Don't see why not, we use them for the ferrets and chicks, obviously not in the same pen!! Or it would be ferrets and very briefly chicks.


----------



## Paint Me Proud (12 May 2013)

jrp204 said:



			Don't see why not, we use them for the ferrets and chicks, obviously not in the same pen!! Or it would be ferrets and very briefly chicks.
		
Click to expand...

hee hee hee 

I use them for the bottom of my parrot cage, they are made from same thing as shavings, wood, so dont see why they cant be used in any situation you may use shavings.


----------



## Highlands (12 May 2013)

Use it for hamsters!


----------



## threeponies (13 May 2013)

I use them for our guinea pigs, occasionally I mix a few handfuls of shavings through to make it look fluffy but that's for me, not them


----------



## Toffee44 (13 May 2013)

I have used them on guineas


----------



## Undecided (14 May 2013)

So they're not harmful? Thanks guys, I like shavings but he kicks up such a fuss and he pees in the same corner as where his bottle is so that bit is soaked as soon as I put the cage back after cleaning!
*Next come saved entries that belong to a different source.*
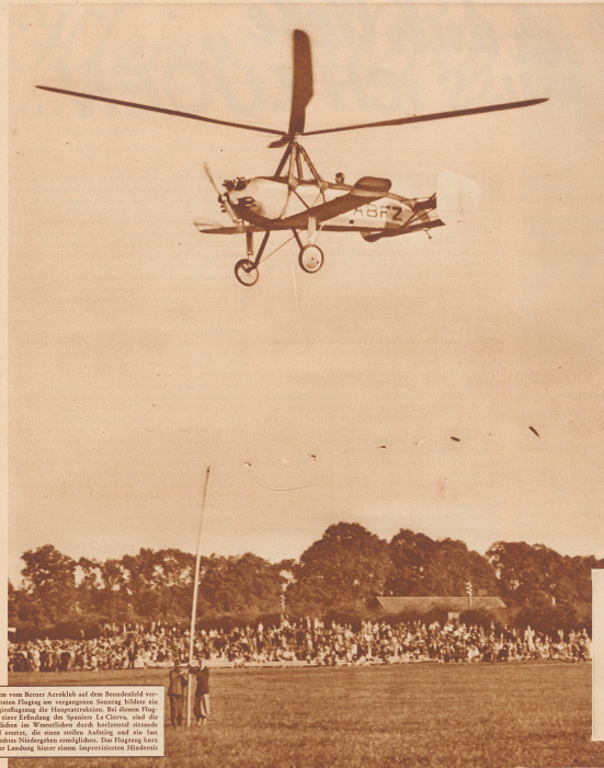
Bei dem vom Berner Aeroklub auf dem Bundesfeld veranstalteten Flugtag am vergangenen Sonntag bildete die Ausprobierung der Flugapparate. Bei diesem Flugtag, einer Leistung des Spanier La Cueva, sind die Flugzeuge im Wettbewerb durch horizontalen Fluchtflug ersetzt, da man stellen möchte und sich fast unbewusst Notwendigkeit ergibt. Die Flugzeuge kamen vor der Landung durch einen improvisierten Hindernislauf.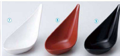
TA プチしずく珍味入 (12.5×5.2×7) 個400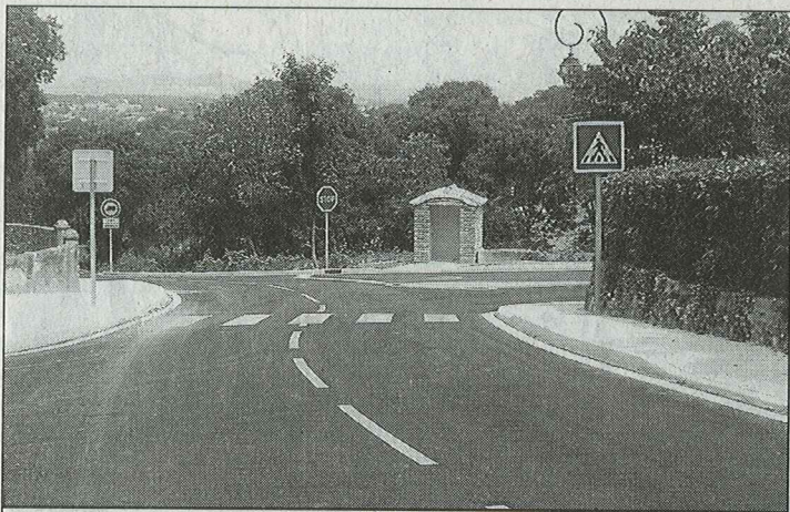
Le Conseil général a assuré le financement des travaux.

Les travaux ont apporté sécurité et visibilité au carrefour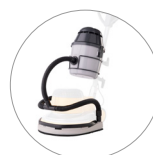
Groupe aspirant (en option)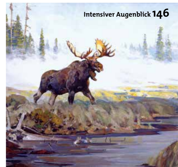
Intensiver Augenblick 146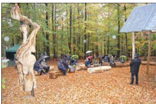
Zahlreiche Gäste waren trotz widriger Witterungsbedingungen zur Eröffnung erschienen.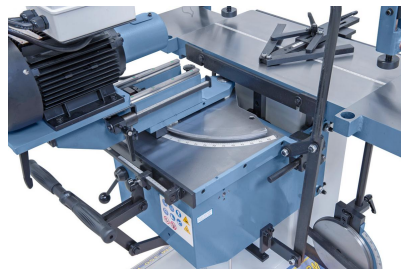
Bohraggregat rechts und links 60° schwenkbar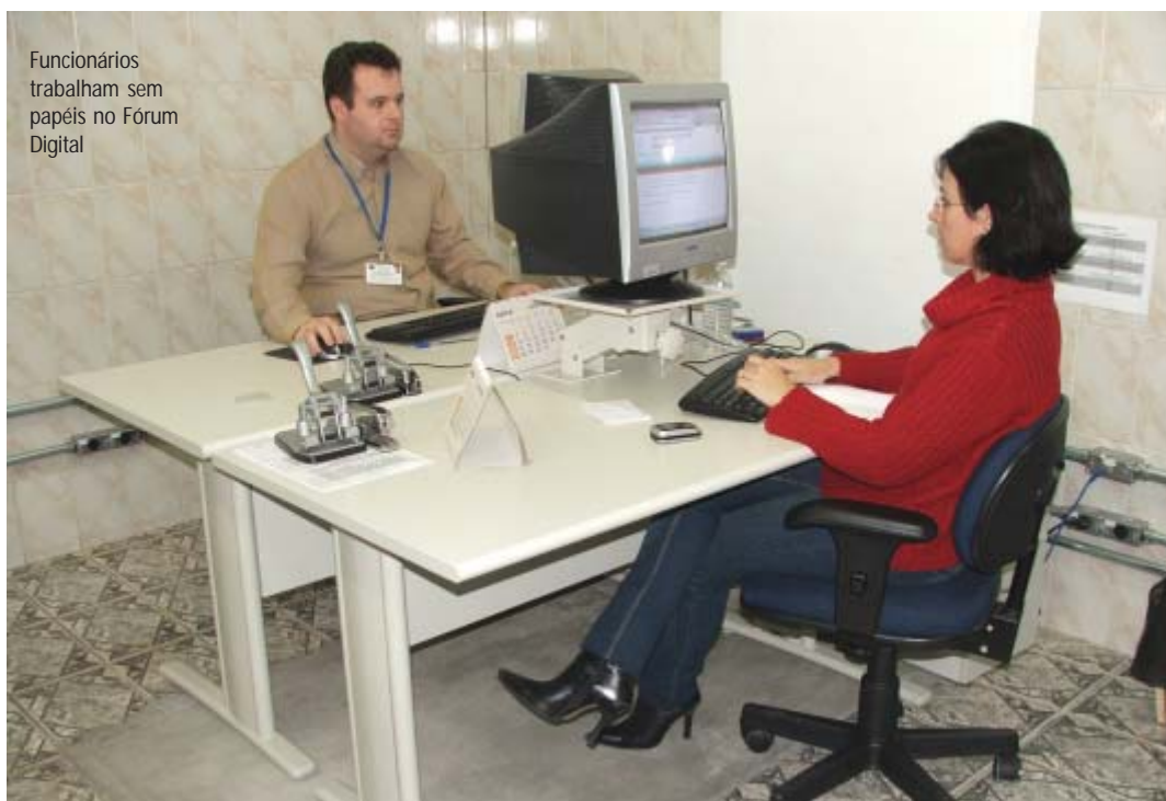
Funcionários trabalham sem papéis no Fórum Digital

tal informatização, funcionários do judiciário trabalharão com uma estrutura mais adequada, fato que contribuirá para maior produção no trabalho e até na melhoria da qualidade de vida. Esperamos que o Tribunal dê continuidade a essas melhorias”, destacou Antonio Grandi, presidente da Apatej.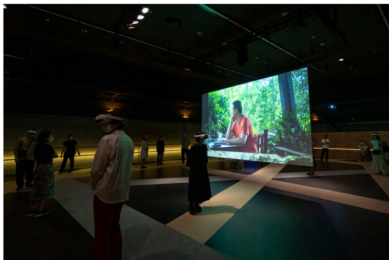
A Conversation with the Sun (VR) , Apichatpong Weerasethakul, Aichi Triennale 2022

Avec le soutien de : the Agency for Cultural Affairs, Government of Japan, Japan Arts Council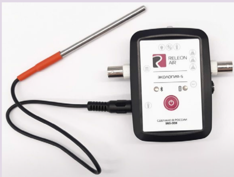
Рис. 6. Датчик температуры растворов

Датчик температуры термопарный предназначен для измерения температур до 900. Используется при выполнении работ, связанных с измерением температур плавления и разложения веществ, а также для измерения температуры в экзотермических процессах.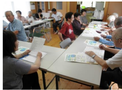
9/15 生谷いきいきサロン・広重ふれあい会(新野)

Love the smell ofy wood pellets!


----------



## Toffee44 (14 May 2013)

I found it helped keep nails short to.


----------



## DreamingIsBelieving (15 May 2013)

What wood is it made out of? Pine can be poisonous to guinea pigs due to the fumes it releases. Kiln-dried pine is okay though.


----------



## Undecided (19 May 2013)

Not sure of the top of my head, will check.


----------



## Alaadin (19 May 2013)

If it's pine then no. But otherwise as long as they're not sharp or rough then yes. I use a layer of easibed as the first layer of my guinea pigs bedding, which is wood pellets


----------